Le président Poutine a commenté sa décision comme suit :

Nous avons déjà aidé nos collègues biélorusses à rééquiper leurs avions. 10 avions sont prêts à utiliser ce type d’arme. Nous avons déjà remis au Belarus notre complexe Iskander, bien connu et très efficace, qui peut également servir de porte-avions. Le 3 avril, nous commencerons à former les équipages et le 1er juillet, nous achèverons la construction d’un entrepôt spécial pour les armes nucléaires tactiques sur le territoire du Belarus.

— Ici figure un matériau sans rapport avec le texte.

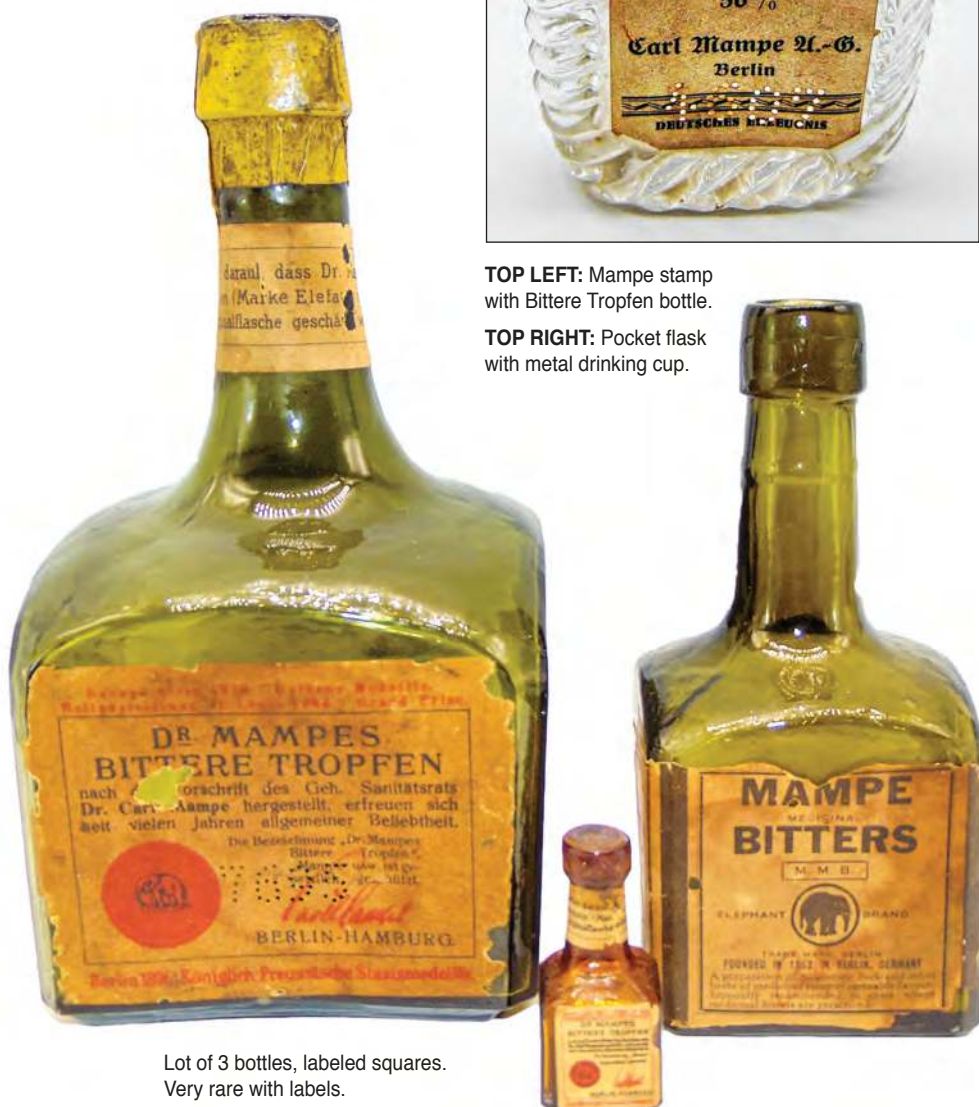
Lot of 3 bottles, labeled squares. Very rare with labels.
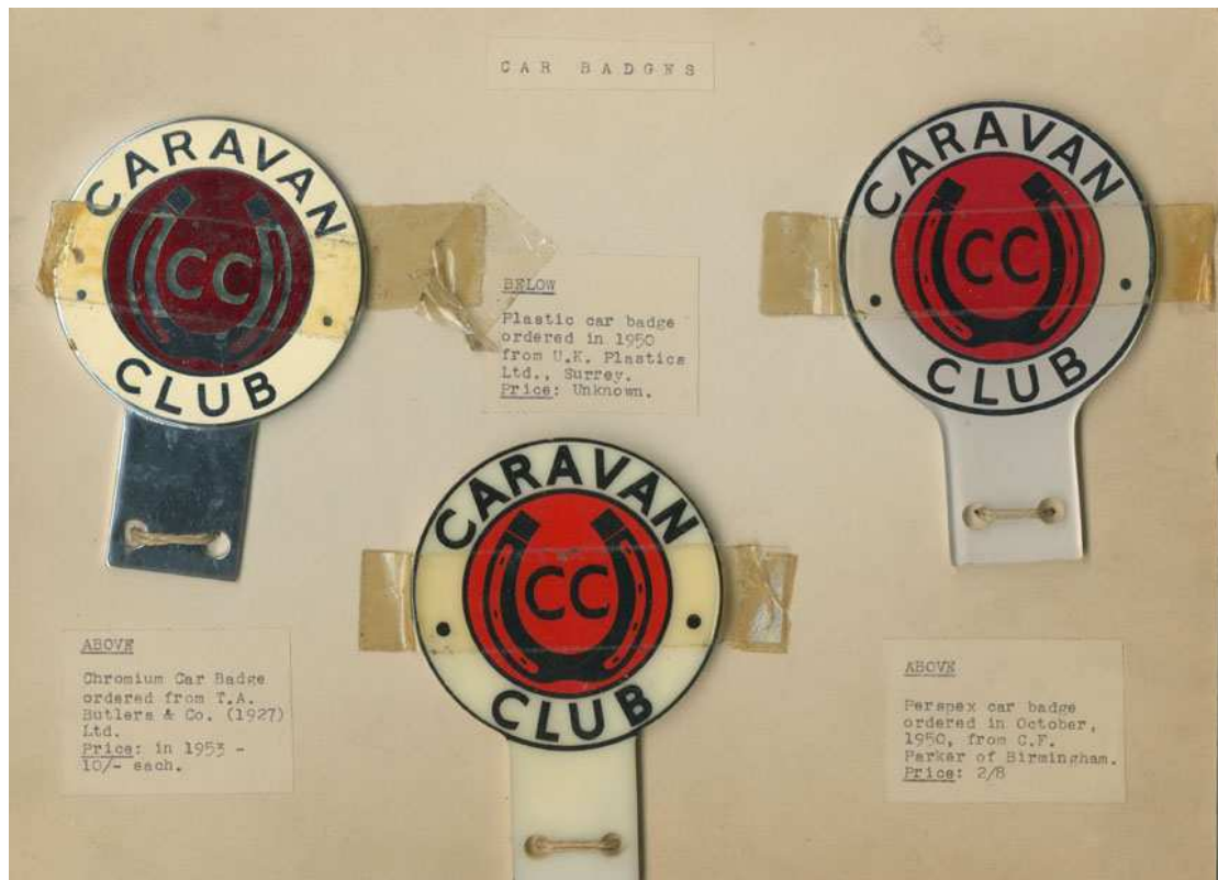
Figure 6: Memorabilia 'Sample Board' produced by The Caravan Club circa 1950s, in its pre-conservation state. From left to right: Caravan Club chromium and enamel car badge, 1953; Caravan Club plastic car badge, 1950; Caravan Club perspex car badge, 1950.
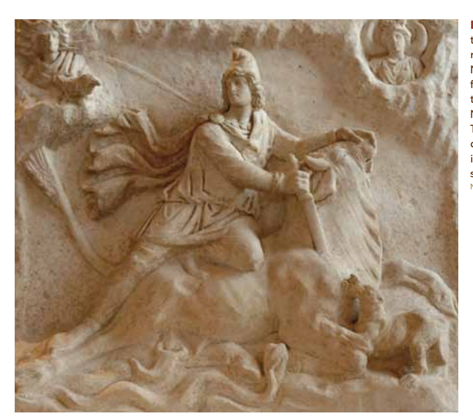
Image 16: Among the Roman mystery religions, the cult of Mithras was known for its frequent use of the image of the god Mithras slaying a bull. This Roman relief, now displayed in the Louvre, is one depiction of this scene.

promise of eternal life. Membership in them presumed a belief in their efficacy and required a conscious act of the will, a decision. Thus the mystery religions had a character decidedly different from that of traditional official religions and were in some respects not unlike Christianity. That is, they were private, they were oriented around hope and assurance for the future, and they were voluntary. To some outsiders, early Christianity may have seemed to be a mystery cult. Unlike Judaism and Christianity, however, the mysteries did not claim the exclusive loyalty of their adherents. A person might worship Zeus and the emperor and at the same time be an initiate of one or more mysteries. In fact, the official religions and the mysteries were complementary; they applied to different spheres of life, the one to public order and morality, the
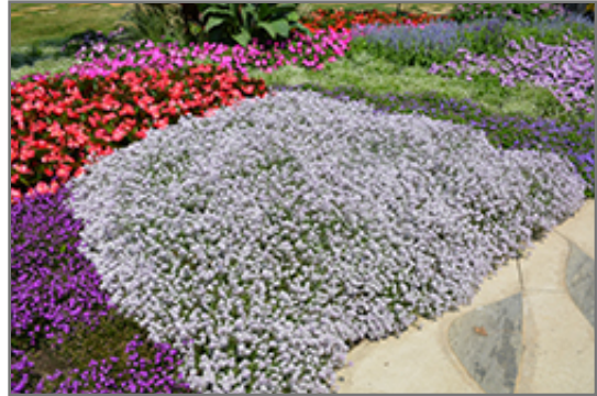
Blushing Princess Sweet Alyssum in bloom

Blushing Princess Sweet Alyssum will grow to be only 6 inches tall at maturity, with a spread of 24 inches. When grown in masses or used as a bedding plant, individual plants should be spaced approximately 20 inches apart. Its foliage tends to remain low and dense right to the ground. This fast-growing annual will normally live for one full growing season, needing replacement the following year.
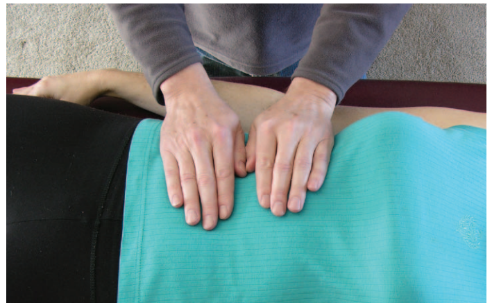
Torso Position 2
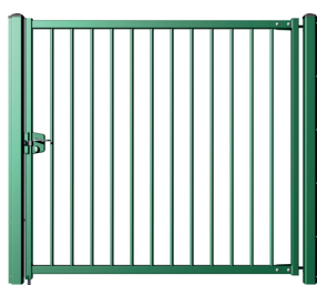
G gate with standard bars
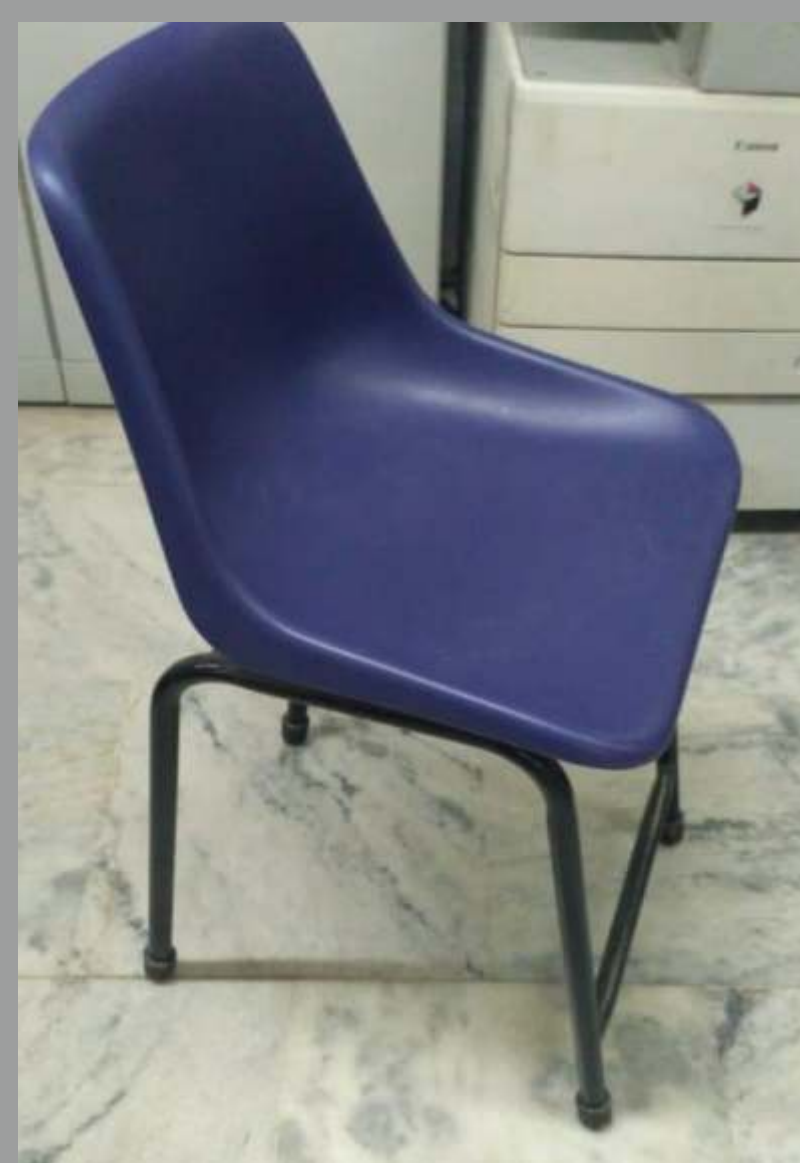
Product - 8

Les armes nucléaires tactiques stationnées au Belarus peuvent être utilisées à partir de transporteurs aériens et terrestres. La véritable raison de ce transfert est l’inquiétude du président Loukachenko face à la militarisation rapide de la Pologne et des États baltes voisins, ainsi qu’à la menace potentielle que représente l’Ukraine. Dans le même temps, « Batka » déclare explicitement qu’il ne jouera pas avec les « lignes rouges » :

Si l’Ukraine commet une agression contre nous, nous n’utiliserons pas seulement des armes nucléaires. Nous avons autre chose que des armes nucléaires. Vous ne nous touchez pas. Nous ne vous touchons pas et vous ne nous touchez pas. Cela s’applique avant tout à l’Ukraine. Cela concerne avant tout les fous de l’Occident qui s’y préparent déjà.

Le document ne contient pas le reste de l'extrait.